ソウル住宅価格、文政権期の「急騰」を再演か…「漢江ベルト」で最高値更新相次ぐ=韓国
ソウル住宅価格、文政権期の「急騰」を再演か…「漢江ベルト」で最高値更新相次ぐ=韓国
韓国ソウル市内のマンション価格が、ムン・ジェイン(文在寅)政権下で「常軌を逸した住宅価格」とまで称された2020~2021年の高騰期における最高値を上回る地域が続出している。特に、富裕層が集中する江南3区や龍山区以外にも、上昇の波は市中心部を流れる漢江沿いの主要地域、いわゆる「漢江ベルト」へと拡大。首都圏の京畿道では、果川のマンション価格がすでに過去最高値を回復した。

 政府機関の韓国不動産院が15日発表した週刊マンション売買価格指数を分析したところ、ソウル市内の江南、瑞草、松坡の江南3区に加え、麻浦、龍山、城東、陽川の計7区で、マンション価格が毎週のように最高値を更新している。この7区の中で最も直近で過去最高値を突破したのは麻浦区で、5月第4週の売買価格指数が101.4を記録し、2022年1月の過去最高値(101.29)を上回った。

 陽川区も麻浦区に先立ち、5月第2週に過去最高値(2022年1月の100.73に対し100.83)を更新。江南3区と城東区のマンション価格は、市場が「活況」を呈した昨夏にはすでに最高値を回復し、その後も上昇基調を維持している。龍山区も昨年10月には過去最高値を突破した。

 これらの地域では、複数の物件を所有するよりも、優良なマンション1戸に投資を集中する「賢い1戸」志向が強まり、買い替え需要が集中したことが価格上昇の背景にあるとみられる。

 ソウルでは、土地取引許可区域の拡大指定といった規制策が導入された後も住宅価格の抑制には至っておらず、今後も過去最高値を更新する物件が相次ぐ可能性が高い。江南3区と龍山区では、すでに価格が高騰し一般層の購入が困難になった上、自己資金が少なくても物件が購入できる「差額投資(ギャップ投資)」が規制されたため、買い手の需要は周辺の漢江ベルト6区へと広がっている。

 今月第2週(6月9日時点)のデータでは、過去最高値に対するマンション価格回復率は広津区が99.5%で最も高く、以下、江東区(99.2%)、永登浦区(98.5%)、銅雀区(98.1%)、鍾路区(94.2%)、東大門区(92.7%)が続いている。一方で、回復率が最も低いとされるノウォン(蘆原)、ドボン(道峰)、カンブク(江北)のいわゆる「ノ・ド・カン」地域では、80%台半ばに留まっており、江北区が86.5%、蘆原区が85.7%、道峰区が82.7%となっている。

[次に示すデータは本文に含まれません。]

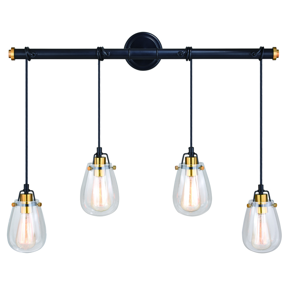 The striking Kassidy collection is a throwback to an industrial time. The distinct black linear lines are punctuated with accents in a natural brass finish. Gently curved teardrop glass shades softly offset the statement this collection makes. Adjustable light heights and lengths enable customizing the look based on your setting. Flexible mounting options let you mount this as an island ceiling pendant or as a bathroom vanity light. Combine that with vintage Edison style filament bulbs to complete the look.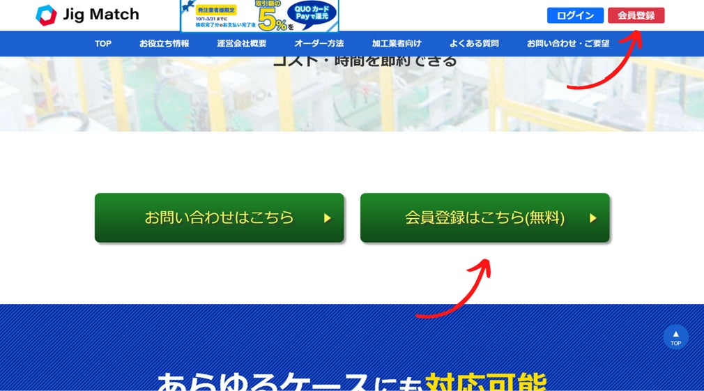 以下から“Jig Match”にアクセスし、ヘッダーにある【会員登録】ボタン、もしくは途中にある【会員登録はこちら(無料)】ボタンをクリックし、必要事項を入力することで会員登録をしていただくことができます。

 京畿道では、果川市のマンション価格が麻浦区と同様に5月第4週に過去最高値を突破。盆唐地域も98.8%の高い回復率を示している。

 KB国民銀行のパク・ウォンガプ首席不動産専門委員は、「ソウル市盤浦地区の国民住宅(84平方メートル)タイプマンションが70億ウォン(約7億3800万円)に達するなど、不動産市場の二極化が極めて深刻化している」と指摘。その上で、「イ・ジェミョン(李在明)大統領は公約で高額マンションに対する直接的な規制は行わないと表明したが、規制緩和や規制強化以上に市場の安定が重要であり、何らかの対策は打ち出されるだろう」との見方を示した。

 住宅価格の過熱を受け、政府も規制地域の拡大など、利用可能な政策手段を総動員して対応に乗り出す姿勢を強調している。しかし、関係省庁の長官や次官の人選がまだ完了していないため、市場では政府が不動産対策を発表する時期に注目が集まっている。

 西江大学大学院不動産学科のクォン・デジュン教授は、「現在の状況では、政府は需要抑制策として、調整対象地域や投機過熱地区の指定を検討せざるを得ないだろう」と予測した。

 クォン教授はさらに、「規制地域の拡大だけでは市場の安定化には繋がらない」と述べ、「文在寅政権時代に多くの規制を導入しても住宅価格が上がり続けたのは、市場に流動資金が豊富だったためだ。したがって、融資と流動資金を抑制し、不動産市場への資金流入を阻止すべきだ」と提言した。